At least a portion of the coal is subjected to conversion to avoid total liquefaction and to reduce the asphaltene content of the crude oil. (C) separating the gas from the resulting reaction zone effluent; (d) At least a portion of the reaction zone effluent is then deashed with a relatively low molecular weight hydrocarbon bath medium to remove substantially all of the ash, unconverted coal, asphaltenes, and unsupported fines.
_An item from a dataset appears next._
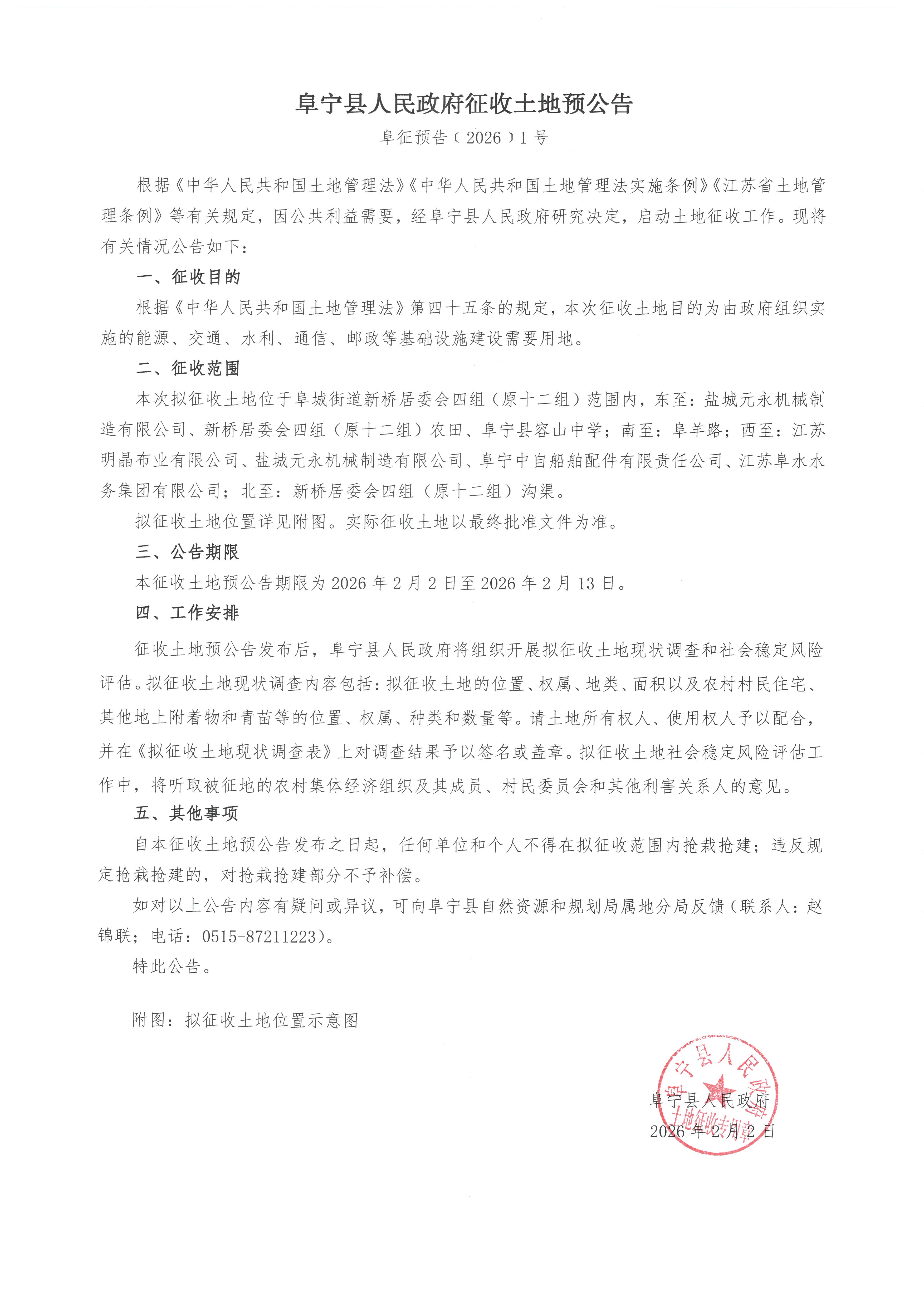 阜宁县人民政府征收土地预公告(阜征预告〔2026〕1号)

A heavy liquid phase containing catalyst is separated from the effluent. (e) A process for producing an ice water-enriched hydrocarbon product from a carbonaceous material, comprising feeding at least a portion of this heavy liquid phase to a reaction zone for use as a liquid recycle stream in step Φ). . 2. 50% of crude oil containing asphaltenes is about 53
8. The method of claim 1, wherein the boiling point exceeds 8'C. 3. The method according to claim 1, wherein the fine unsupported metal catalyst comprises molybdenum. 4. The method as recited in claim 1, wherein the fine unsupported metal catalyst comprises vanadium. 5. The method according to item 1, wherein the ratio of crude oil containing all asphaltenes to coal is from about 1:1 to about 5; 6. The method of claim 1, wherein the liquid flow chamber in the reaction zone has a liquid hourly space velocity of about 0.5 to about 10. 7. 2. The process of claim 1, wherein the reaction zone hydrogen circulation t is from about 888.8 to about 3555 standard mWms based on the reaction zone acid feed.